CINCINNATI -- The Public Library of Cincinnati and Hamilton County might consolidate the downtown Main Library branch into a single building.
Consolidating the Main Library into the south building and repurposing or selling the north building is at the heart of a facilities plan that includes $54 million in deferred repairs and renovations to the 40 branch libraries, as well as the creation of an operations center. The recommendations were approved late last year after an 18-month review of the library system's buildings and operational needs.
The review found a system in need. The to-do list includes roof repairs, electrical upgrades, HVAC work, sidewalk repairs and exterior and interior painting. Of the 33 branches owned by the library:
- Ten are between 85 and 112 years old, and three of these -- Walnut Hills, Price Hill and Madisonville -- have never been renovated.

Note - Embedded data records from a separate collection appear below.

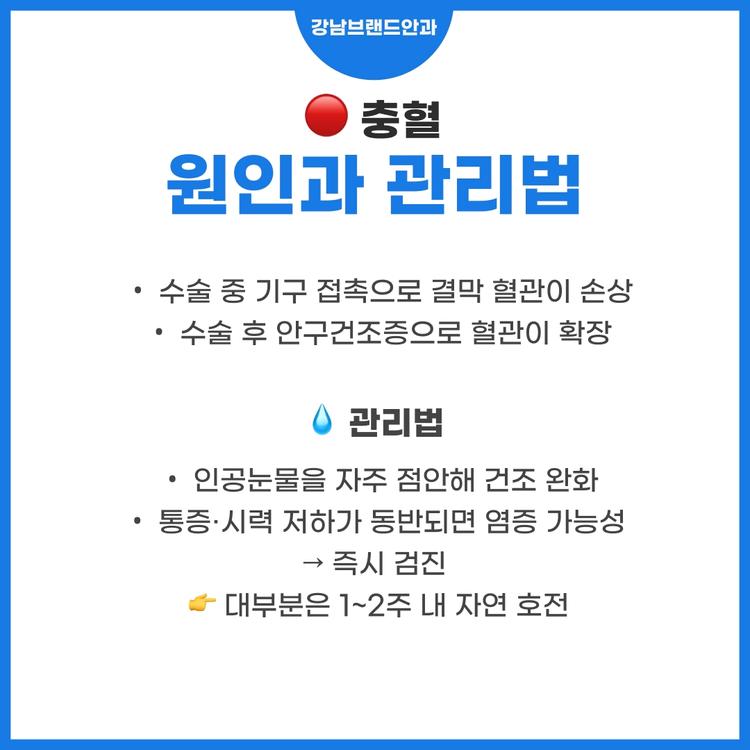 첫째, 충혈의 원인과 관리입니다. 충혈은 수술 중 사용된 기구로 인해 결막 혈관이 손상되거나, 수술 후 안구건조증이 심해져 발생하는 경우가 많습니다. 이런 경우 대부분 일시적이며, 인공눈물을 자주 사용하면 증상이 완화됩니다. 그러나 충혈이 며칠 이상 지속되거나 통증·시력 저하가 동반된다면 단순 회복이 아닌 염증일 수 있으므로 반드시 검진을 받아야 합니다.
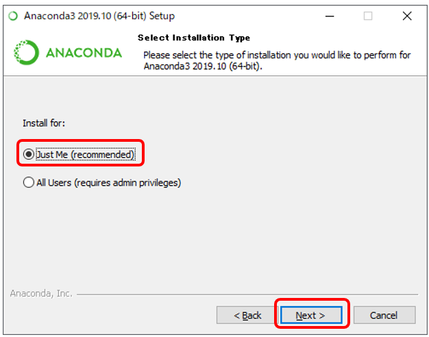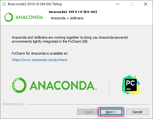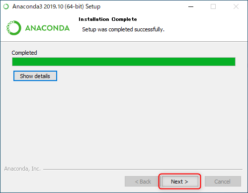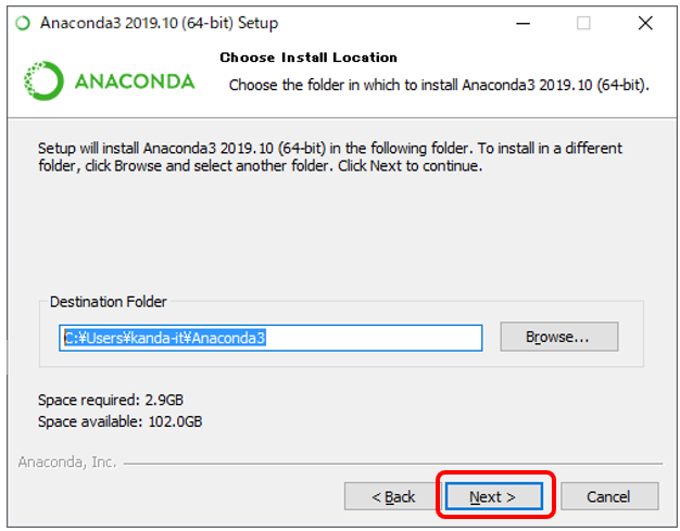 保存先が「C:\Users\ユーザー名\Anaconda3」となっていますので、保存先は変えず「Next」ボタンをクリックします。
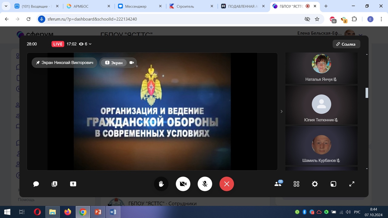 В ГОСУДАРСТВЕННОМ БЮДЖЕТНОМ ПРОФЕССИОНАЛЬНОМ ОБРАЗОВАТЕЛЬНОМ УЧРЕЖДЕНИИ «ЯСИНОВАТСКИЙ СТРОИТЕЛЬНЫЙ ТЕХНИКУМ ТРАНСПОРТНОГО СТРОИТЕЛЬСТВА» проведён Всероссийский открытый урок культуры безопасности, приуроченный ко Дню гражданской обороны Российской Федерации. Участие в мероприятии принял представитель ФГКУ «12 ПСО ФПС ГПС по Донецкой Народной Республике» Калуцкий Н.В.
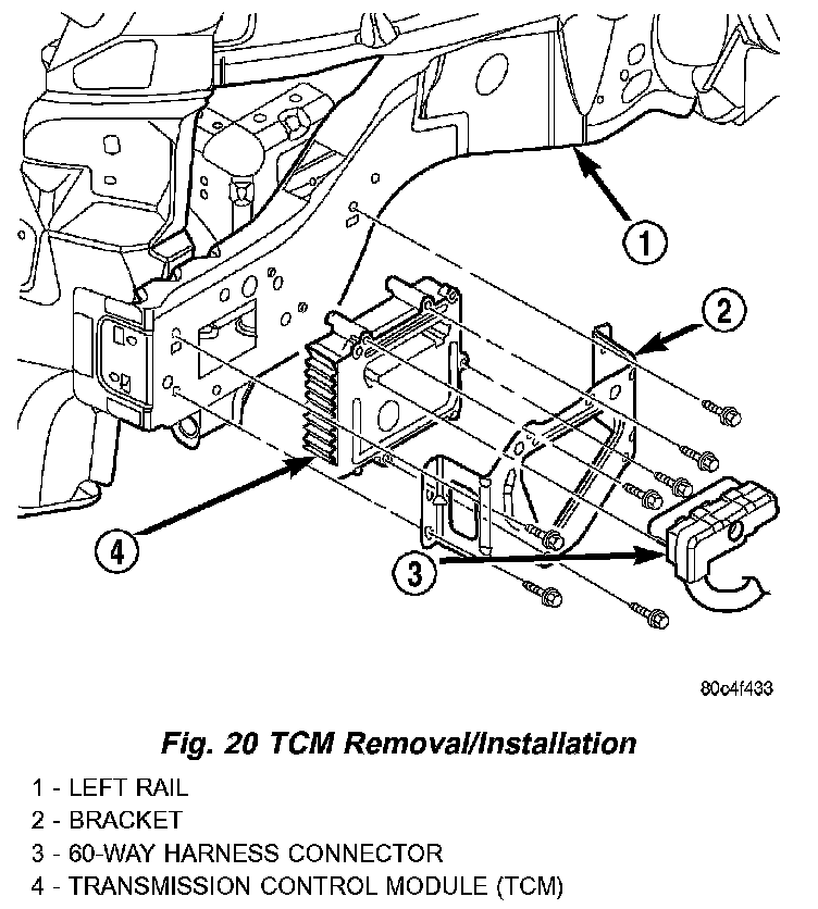 REMOVALNOTE: If the transmission control module (TCM) is being replaced with a new or replacement unit, the Pinion Factor and Quick Learn procedures must be performed. (Refer to ELECTRICAL/ELECTRONIC CONTROL MODULES/TRANSMISSION CONTROL MODULE/STANDARD PROCEDURE/PINION FACTOR PROCEDURE)(Refer to ELECTRICAL/ELECTRONIC CONTROL MODULES/STANDARD PROCEDURE/QUICK LEARN PROCEDURE)

- Another 10 are between 44 and 58 years old, and seven of those have never been renovated.
- Three are not accessible, according to the regulations of the Americans with Disabilities Act, and three more are not fully accessible.
State funding cuts forced the library system to defer maintenance for nearly a decade, until 2009, when a local levy was passed, said Executive Director Kim Fender. The 2017 annual budget is about $60 million, including $2 million for building and repairs. At that rate of funding, the full list of needed repairs and renovations will take 27 years to complete.
The branches are well-used and well-loved by the communities, Fender said. Cincinnati's library is the fifth busiest in the country, and the system averages 20 transactions per square foot. As funding has been available, Fender said the system has tried to catch up on maintenance to make the buildings match the services, recently completing renovations at the St. Bernard, Clifton and Reading branches.
“We'd like to have all 40 (branches) look like those libraries,” Fender said.
The facilities review also found the Main Library, spread as it is over two buildings, was inefficient for both library patrons and library services, said Molly DeFosse, chief finance and facilities officer.
The children's library is on the first floor of the north building, for example, while the popular library of books, movies and other items is on the first floor of the south building. Families wanting to visit both have to cross an outside courtyard or go up a floor to take the indoor skywalk between the two.
Meanwhile, the library's loading docks aren't tall enough for semi-trucks, which means trucks are blocking traffic while everything is unloaded in the street.
Consolidating all patron services into the south building and creating a real operations center -- a building with right-sized loading docks and space designed for materials processing and shipping -- would mean reduced operating costs, more efficient back-of-house operations and better customer experience, DeFosse said. Everything that patrons use, from books and computers to the popular Makerspace, will fit in the south building; operations could be done anywhere in the region.
“When people hear 'consolidation,' they often think that means cuts to services or the collection. That is not the case,” Fender said. “We don't plan to reduce those. In fact, we think these changes could enhance services.”
The south building is 400,000 square feet, while the north building is 150,000 square feet. DeFosse estimates an operations center would require between 75,000 and 100,000 square feet. The library is exploring the consolidation option now, including whether to sell the north building, which could help provide funding for the deferred maintenance plan.
“If we could sell the north building, for any amount of money, that would give us something to work with,” Fender said.
Small, high-priority repairs to the branches are planned for 2017, DeFosse said, while the larger facilities plan and funding are sorted out. Fender and DeFosse said they expect to have a decision about the operations center and the fate of the north building later this year. That decision will allow them to determine priorities and timelines for the consolidation of the Main Library, assuming it happens, and branch repairs and renovations.
“It has to be done in a sequence,” Fender said. “It's a big undertaking.”